### Records from a collection
* * *
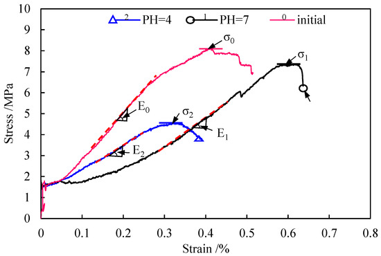 After immersion, uniaxial compression tests were performed on the intact specimens. The results show that the peak strength of the samples soaked in the two solutions is significantly lower than that of the original samples. However, the strength of the sample soaked in acid solution decreases more obviously. The soaking process prolonged the compression process of the sample in the elastic stage, and the elastic modulus of the sample showed different degrees of influence. Although immersion in deionized water has the greatest influence on the process of elastic compression, the influence on the magnitude of elastic modulus is less than that in acid solution, as shown in Figure 10.
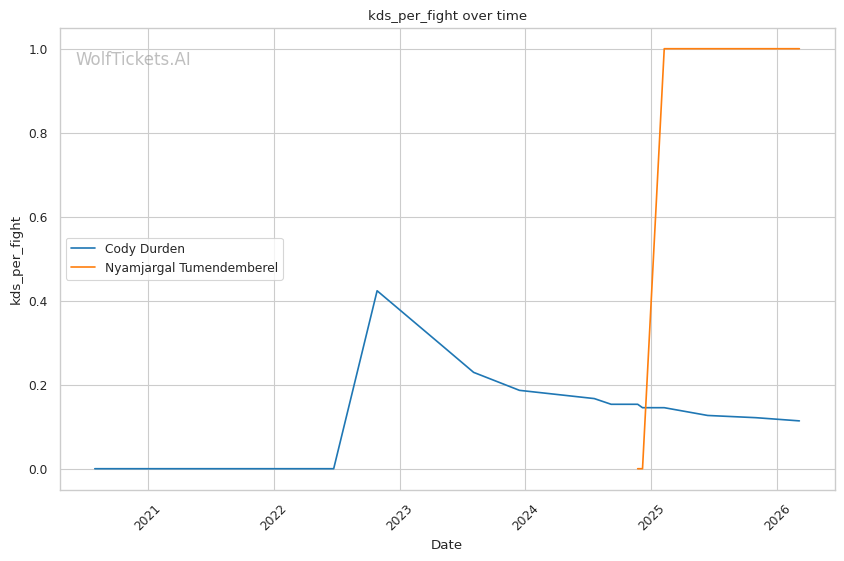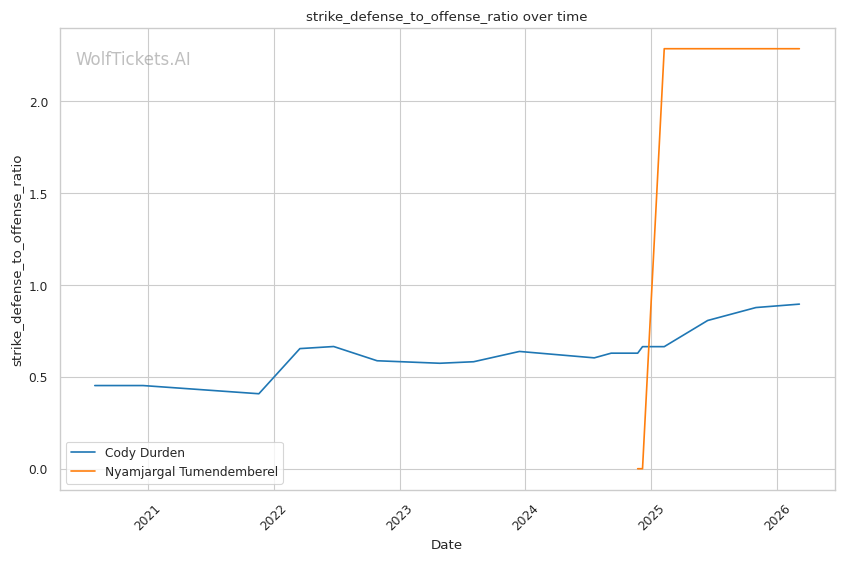 Recent Takedowns Attempted per Fight (+4.0): This is the biggest factor. Durden's wrestling volume (7.8 recent attempts per fight) dwarfs Tumendemberel's limited grappling output.
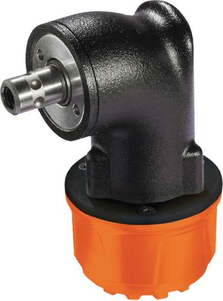 Kovová úhlová hlava pro vrtání, vrtání závitů a šroubování v těsných prostorách.
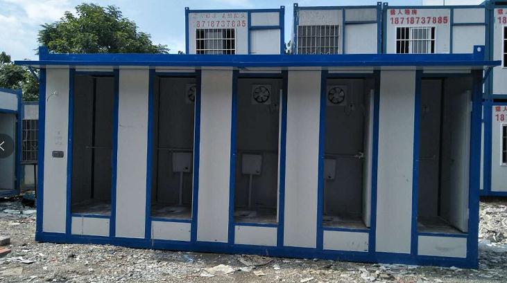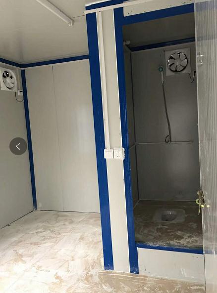 3:活动集装箱厕所(1位至5位),里面配置花洒、水龙头、水管、便池、排粪管、水箱、电、插头、排气扇等。接上电源和排粪管就可使用了。
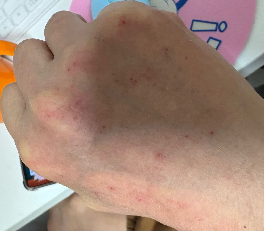 손등에 보이는 작은 붉은 점들은 미세한 염증이나 긁힘에 의한 모세혈관 자극 소견으로 보이며, 현재 사진상으로는 위험한 피부 질환 소견은 뚜렷하지 않습니다. 다만 오래 지속되면 만성 습진으로 고착될 수 있습니다.
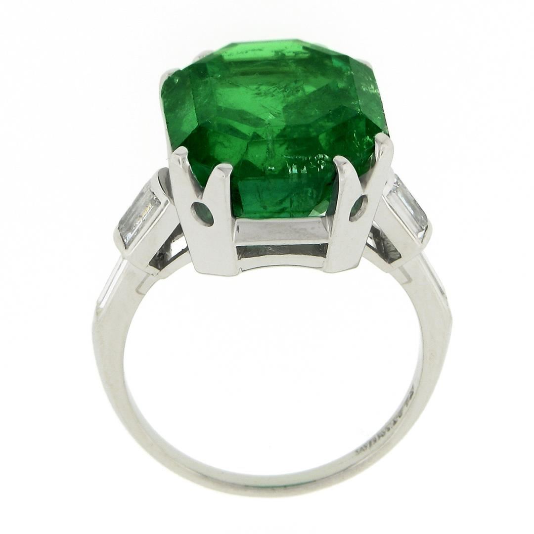 A vintage solid platinum ring, with 1 AGL graded emerald cut natural emerald (11.56ct), and 6 baguette cut natural diamonds (G/H - VS1-SI2 ; 0.60ctw). The ring is size 7.0, weighs a total of 9.40 grams, and measures 16.2mm wide. Comes with all original relevant certifications.
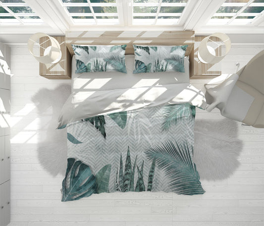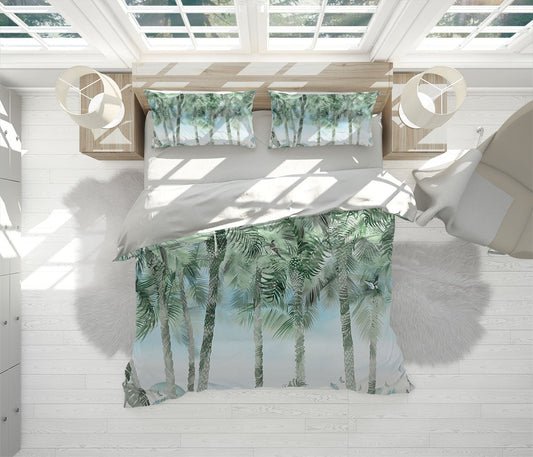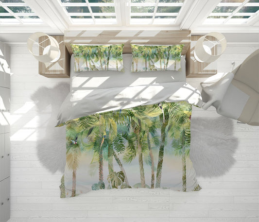 Palm Trees Duvet Cover Set W Pillow Cover, Green Floral Leaves 3D Quilt Cover, Single Double Queen King Size Doona Cover
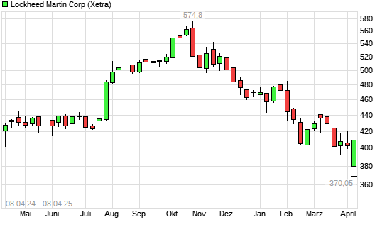 Mit dem Rücksetzer auf 393,15 EUR hat die Lockheed Martin-Aktie (ISIN US5398301094) am 07.04.2025 ein neues 12-Monats-Tief erreicht und damit den Kurs vom 24.03.2025 eingestellt.
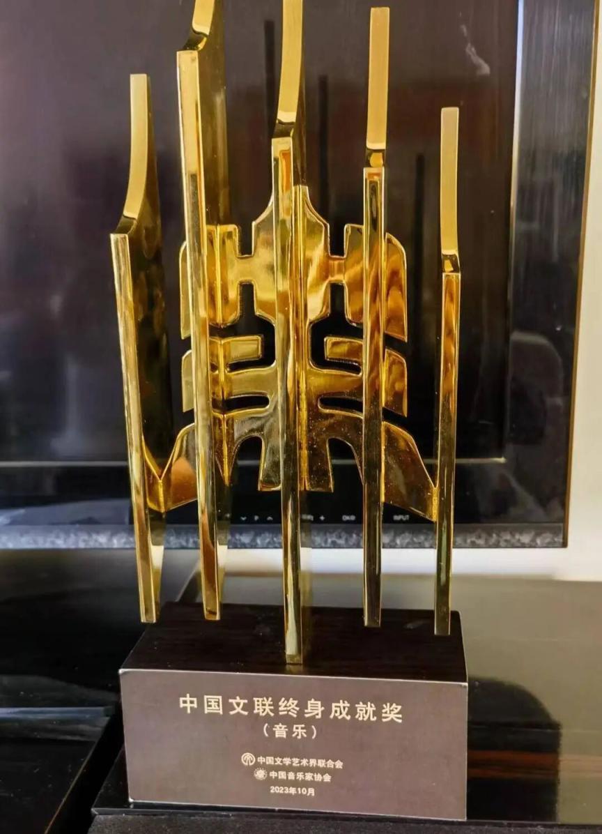家里成排的书柜上摆满了《音乐辞典》《歌曲创作札记》《新乐理教程》等与音乐创作相关的书籍、资料,大大小小的荣誉证书、奖牌奖状嵌于其间,见证了这位德艺双馨的人民艺术家的艺术历程。那座“中国文联终身成就奖(音乐)”奖杯,在冬日暖阳的照耀下煜煜生辉。中国文联终身成就奖旨在评选表彰各艺术门类涌现出的,拥有非常良好的社会影响力、代表性和示范性的75周岁(含)以上,长期为文艺事业发展作出突出贡献、德高望重的老艺术家。提到这次获奖,铁源用“荣幸与激动”来形容自己的心情,“我在音乐之路上取得的一切成绩,都是党和国家培养的结果。”
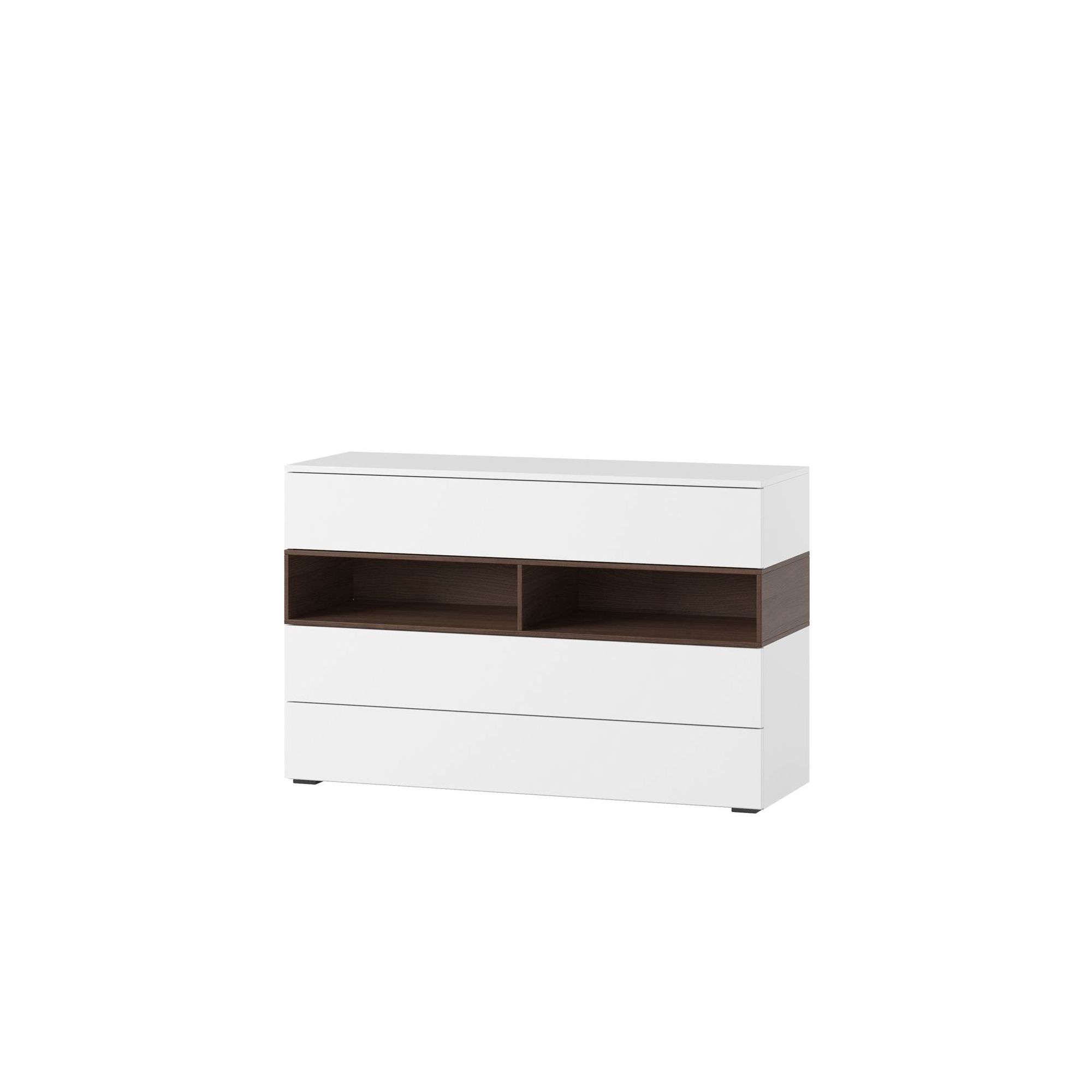 Niska komoda Loft to doskonałe uzupełnienie dla pozostałych modułów kolekcji. Wykonana została z laminowanej płyty meblowej w białym połysku, z wnęką w klimatycznym wybarwieniu wiśni malaga. Komoda posiada 3 szerokie, pojemne szuflady, w których pomieścisz wiele przedmiotów, oraz wnękę z przegrodą tworzącą dwie półki.
* * *
### Exercise brief
Copy the lines above exactly, starting at the one with "손등에 보이는 작은 붉은" and ending at the one with "A vintage solid", both included. Leave out any pictures and add nothing else.

### Solution
 손등에 보이는 작은 붉은 점들은 미세한 염증이나 긁힘에 의한 모세혈관 자극 소견으로 보이며, 현재 사진상으로는 위험한 피부 질환 소견은 뚜렷하지 않습니다. 다만 오래 지속되면 만성 습진으로 고착될 수 있습니다.
 A vintage solid platinum ring, with 1 AGL graded emerald cut natural emerald (11.56ct), and 6 baguette cut natural diamonds (G/H - VS1-SI2 ; 0.60ctw). The ring is size 7.0, weighs a total of 9.40 grams, and measures 16.2mm wide. Comes with all original relevant certifications.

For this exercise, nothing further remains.